Step 2: Kernel Communication
Having multiple machines cooperating on the same problem entails the need of communication between running kernels. How is it going to work?
As usual, we started looking at what was already in place. It turns out that Dataiku (written in Java) already had a protocol to communicate with its kernels (usually written in Python). We extended this protocol to allow direct “Python kernel to Python kernel” communication.
It is also worth noting that all networking questions were trivialized by the Kubernetes network model.
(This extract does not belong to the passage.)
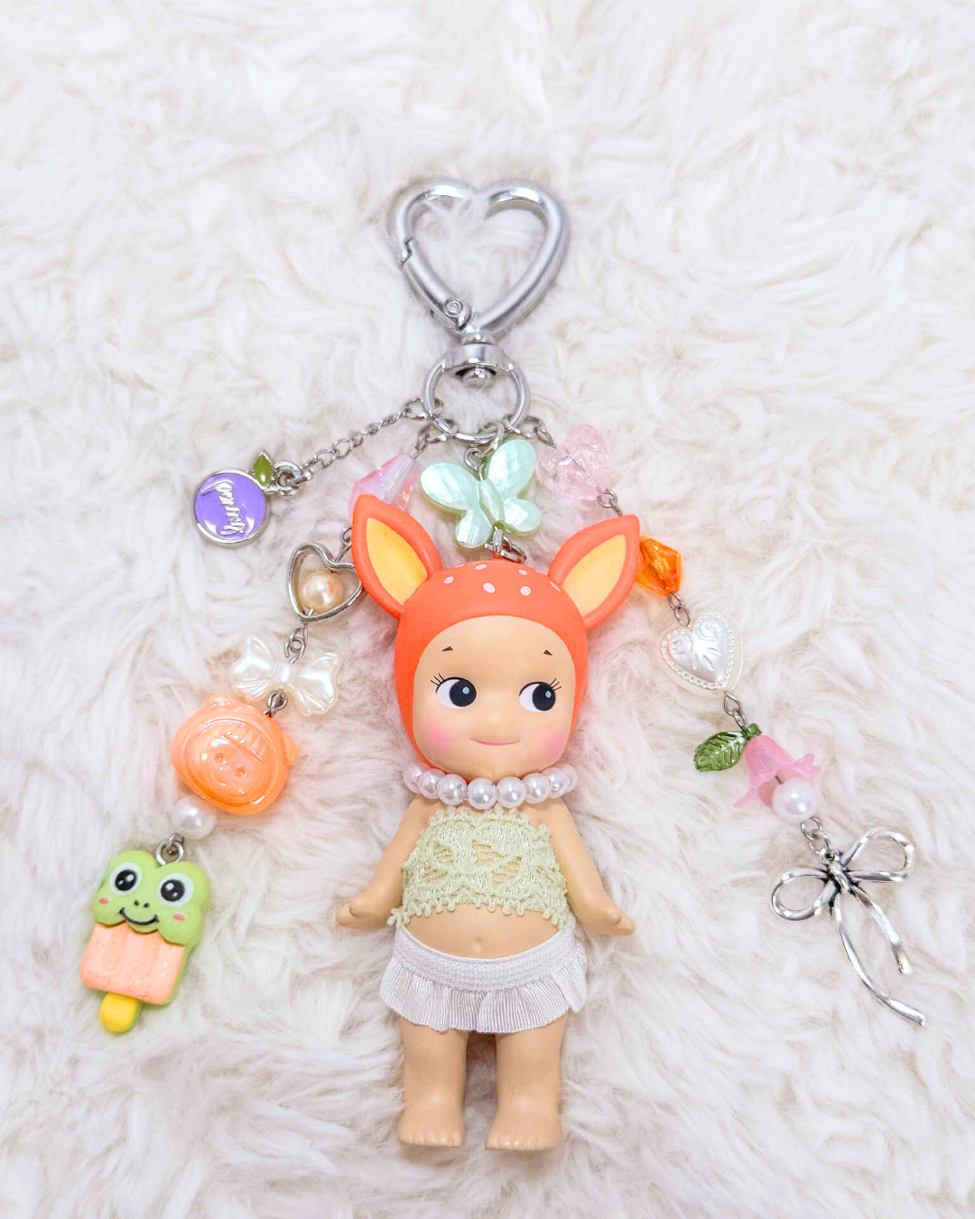 Each charm features an original Sonny Angel doll dressed in a custom handmade outfit, accessorized with dreamy pastel beads, fruits, and bows. These are the cutest charms to clip onto your keys, bags, or simply display as part of your collection! 💖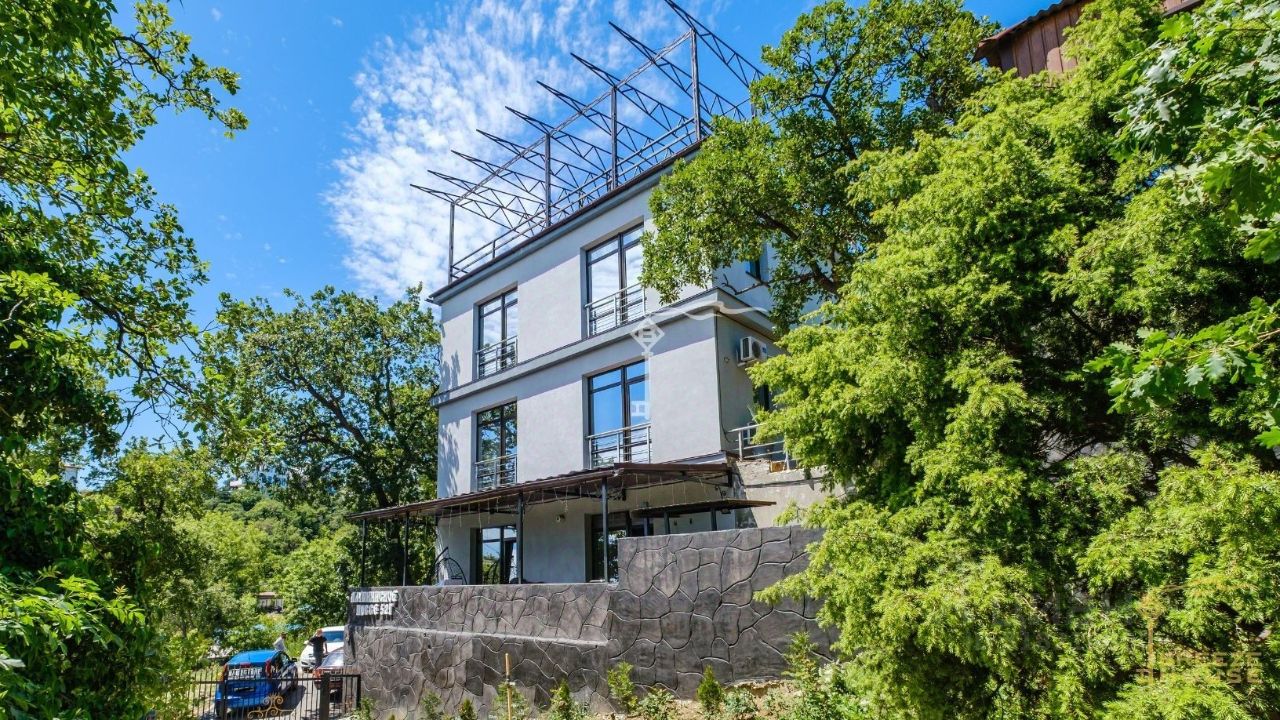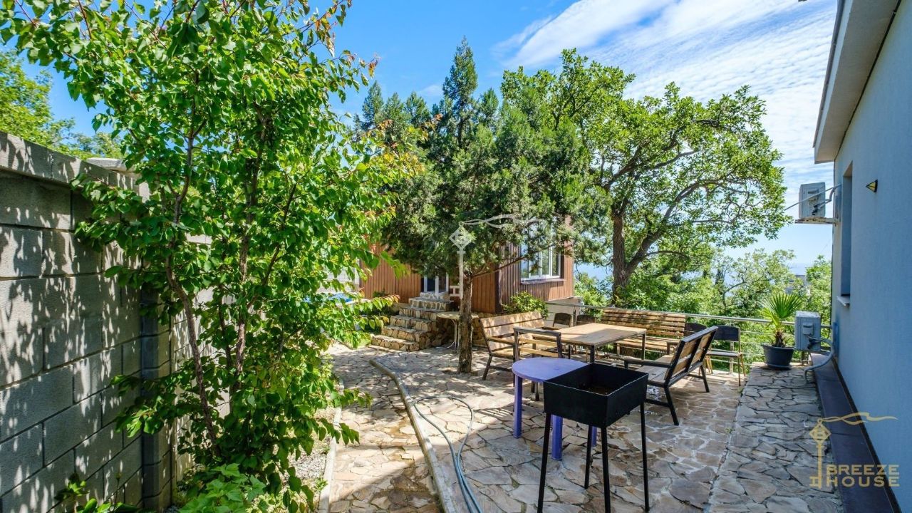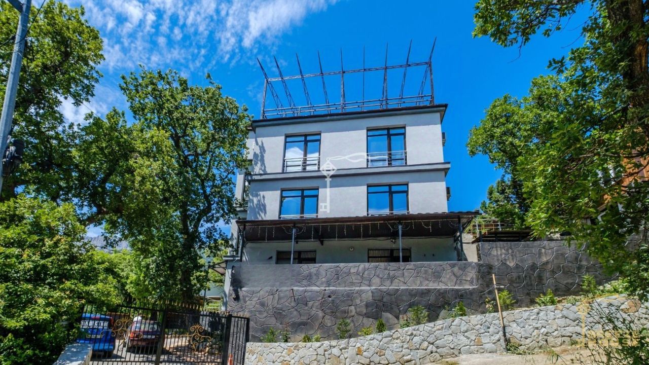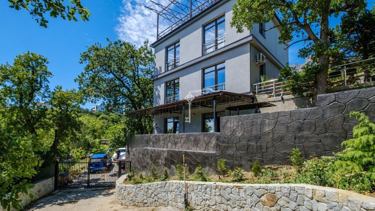 Предлагается к продаже просторный трехэтажный дом 289 м² с эксплуатируемой кровлей, бассейном и гостевым домом на участке 7 соток, расположенный в одном из самых удобных и живописных районов Южного берега Крыма — п. Кореиз.

It guarantees that all pods have an IP address in the cluster’s network and they can talk to each other regardless of their physical location (i.e., the node they are running on).
Finally, we need an efficient way to send Python objects over the network for different data structures. Cloudpickle was the simplest choice because it is able to serialize anything. Unfortunately, it had some known performance and robustness issues when dealing with large payloads — especially with old versions of Python — that we must support. At the end of the day, we ended up implementing a hybrid serialization scheme based on a mix of cloudpickle and custom serializers for large objects. It’s worth noting that Dask follows a similar hybrid approach, probably for the same reasons.
Step 3: Add Infrastructure to Spawn Remote Workers
The main infrastructure we needed was a mechanism in Dataiku that allows a kernel to request remote worker kernels whenever needed.
Step 4: Implementing Remote Workers
So, what do we have at this point?
- HP search code supports any worker as long as they implement the new worker interface.
- The master kernel is able to spawn remote worker kernels and talk to them.
The last module we need is an actual remote worker client implementation which:
- Conforms to the new worker interface, so that it can be used by the scheduler seamlessly
- Spawns a remote worker when it starts, transfers the data, and forwards the execution of tasks to the remote worker server
Figure 6 is a diagram showing how the client and server parts of the new remote worker interact together and with the scheduler. The remote worker client runs in the master kernel and the remote worker server runs in the remote worker kernel.
We performed some measurements in order to ensure the implementation was performing as expected. The following chart shows the time spent during HP search depending on the number of remote workers. As we can see, the performance increases almost linearly with the number of workers.
The difference with the “theoretical optimal duration” in Figure 7 becomes more visible when many workers are used. It comes from several factors:
- Remote container startup time
- Data serialization and network overhead
We’ve reached the end of our journey. I hope you enjoyed the ride and that you now have a better understanding of the kind of problems we tackle at Dataiku. I want to emphasize one last thing: this article was not really about implementing distributed HP search. What this article was really about is how we started implementing distributed computing capabilities natively into Dataiku. HP search was a perfect candidate for that due to its embarrassingly parallel nature, and it will also greatly benefit our users. This project opens the door to even more exciting projects!